来源:可可英语 编辑:shaun   可可英语APP下载 |  可可官方微信:ikekenet

The pilgrimage of Greek prime minister Alexis Tsipras to Moscow told a tale of two tragedies. One, perilously close to the denouement, is about Greece’s uncertain place in the family of European nations; the other, still unfolding but with a storyline that foretells a calamitous final act, is about the future not just of the euro but of European integration.

希腊总理亚历克西斯•齐普拉斯(Alexis Tsipras)此次莫斯科之行讲述了两个悲剧故事。第一个是关于希腊在欧洲国家大家庭中岌岌可危的地位,这个悲剧眼下正危险地走向结局;第二个悲剧不仅是关于欧元、而且是关于整个欧洲一体化的未来,尽管这个悲剧尚在慢慢展开,但是故事脉络已经预示了一个灾难性的结局。

Predictably enough, the Greek prime minister was feted by Vladimir Putin. The Russian president’s revanchist aggression in Ukraine has left his regime more vulnerable than anyone in the Kremlin would dare admit. Mr Putin badly needs to weaken the EU sanctions regime. Shared Orthodox Christianity, an air of leftist nostalgia in Athens and, above all, Greece’s desperate isolation make it an ideal target for Moscow’s strategy of divide and rule.

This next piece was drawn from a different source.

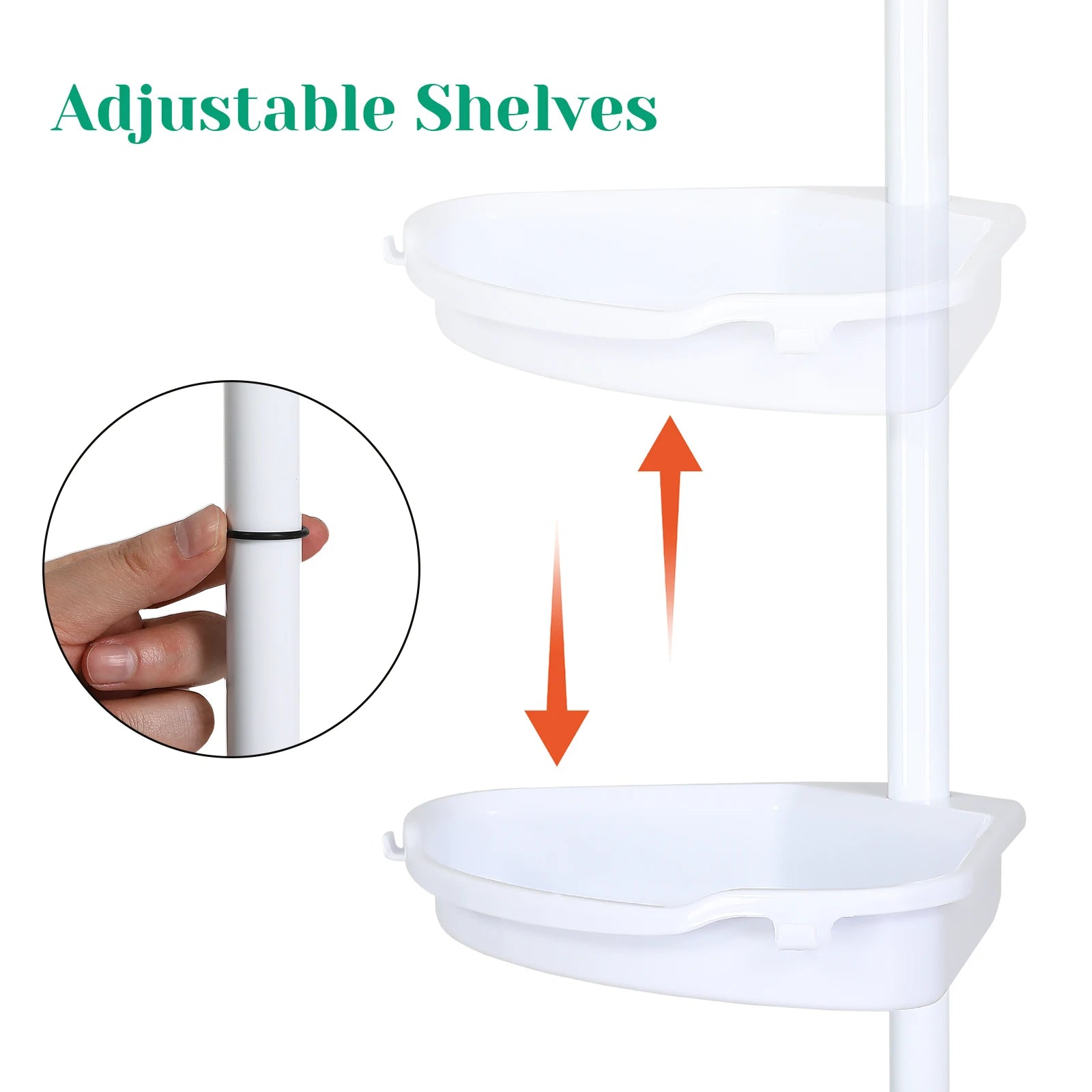 Corner Shower Caddy with Tension Pole 4-Tier Adjustable Shelves Bathroom Storage Organizer with Rubber Pad

不出所料,这位希腊总理受到了弗拉基米尔•普京(Vladimir Putin)的盛情款待。这位俄罗斯总统对乌克兰展开的报复性攻击,致使其政权脆弱到了克里姆林宫所有人都不敢承认的地步。普京迫切需要削弱欧盟的制裁当局。共同的宗教信仰——东正教(Orthodox Christianity),雅典空气中弥漫的左翼怀旧主义,以及最重要的——希腊目前绝望的孤立状态,使希腊成了莫斯科分治之策的理想目标。

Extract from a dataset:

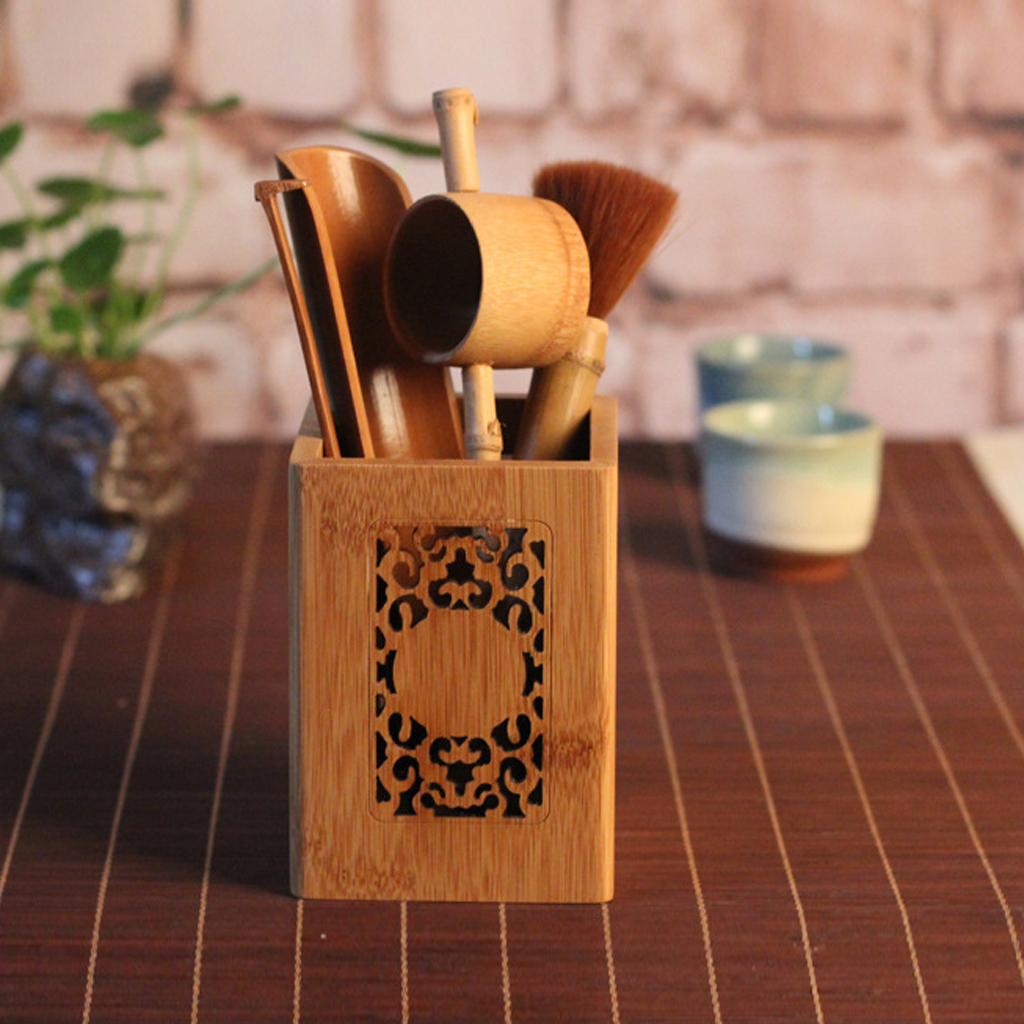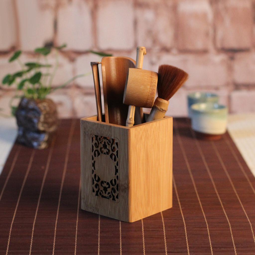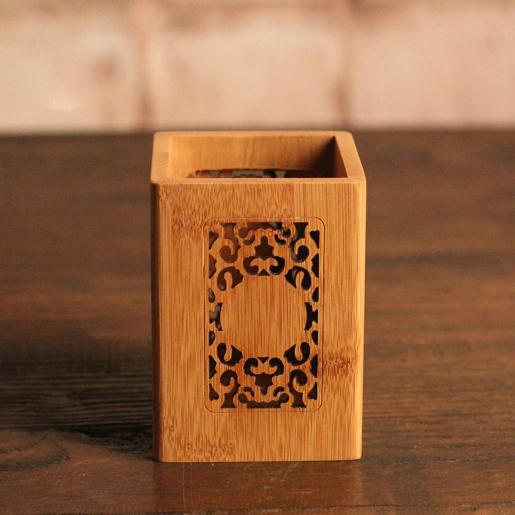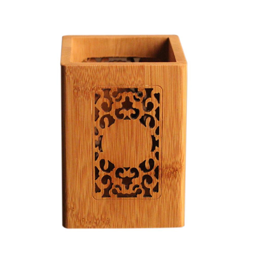 Bamboo Desk Pen Pencil Cup Holder Makeup Brush Holder Tableware Organizer

It is harder to see what Mr Tsipras gains beyond a few warm words to cheer his supporters at home. The promise of a gas pipeline years hence? Any aid on offer from Moscow would be minuscule relative to funds from the EU and the International Monetary Fund. There is nothing Mr Putin could do that would make leaving the euro any less painful.

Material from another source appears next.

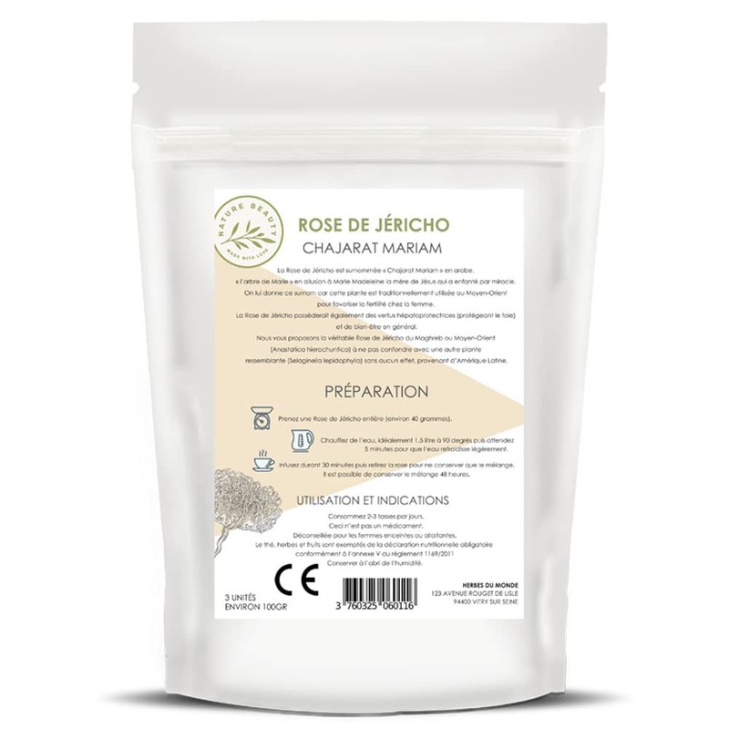 • Rose of Jericho - Anastatica Hierochuntica (Chajarat Mariam) - Herbes du Monde Discover the real rose of Jericho, Anastatica hierochuntica, also known as 'Chajarat Mariam' or 'Mary tree', an emblematic plant of the Middle East, known for its traditional virtues in terms of female fertility and liver protection. . Key Features Authentic Origin Our Rose of Jericho is the real species from the Maghreb and Middle East, Anastatica hierochuntica, known for its authentic properties, unlike the Selaginella lepidophylla from Latin America. Symbol of Fertility and Miracles Traditionally used to promote fertility in women, this plant is full of symbolism and history, associated with Mary Magdalene. Hepatoprotective properties: Known for its beneficial effects on the liver, the rose of Jericho supports general well-being thanks to its liver protective properties. BENEFITS PREMIUM QUALITY Carefully selected to ensure superior quality, our Jericho Rose offers optimal quality for maximum effectiveness. NATURAL & VIBRANT DECORATION Spectacular in its unfolding, it opens beautifully upon contact with water, creating a center of conversation and contemplation. Ecological Commitment Our rose of Jericho is produced with respect to nature, our commitment to environmentally friendly practices remains top priority. Why choose our rose from Jericho - Anastatica Hierochuntica? Choosing our rose from Jericho means choosing an authentic and high-quality product backed by a strong ecological commitment. It is ideal for those who want to integrate an element of tradition and nature into their habitat while benefiting from its unique properties for health and well-being. Experience the legend with our Rose of Jericho. Order now to enrich your space with this exceptional plant and enjoy its numerous benefits.

除了收到几句温暖的问候外,很难看出齐普拉斯还能得到什么来让国内的支持者高兴起来。对数年后建设一条天然气管道的承诺?与希腊从欧盟及国际货币基金组织(IMF)获得的资金相比,莫斯科能够提供的任何援助都会显得微不足道。无论普京做什么,也不可能减轻希腊脱离欧元区的痛苦。
The other day I heard Yanis Varoufakis explain how Greece had ended up here. The finance minister’s is a story fluently told — of US backing for the colonels, of the havoc wreaked on industry by the free trade rules of the EU, of the Brussels funding that bankrolled clientelist politics in Athens and of how cheap euros created a ruinous bubble.
有一天,我听到了亚尼斯•瓦鲁法基斯(Yanis Varoufakis)解释希腊是如何落到如此地步的。在这位希腊财长滔滔不绝的讲述中,这是一个关于美国过去支持希腊军政府、欧盟自由贸易规则导致工业大遭摧毁、欧盟的资金资助了雅典的庇护政治、以及廉价的欧元是如何酿成毁灭性泡沫的故事。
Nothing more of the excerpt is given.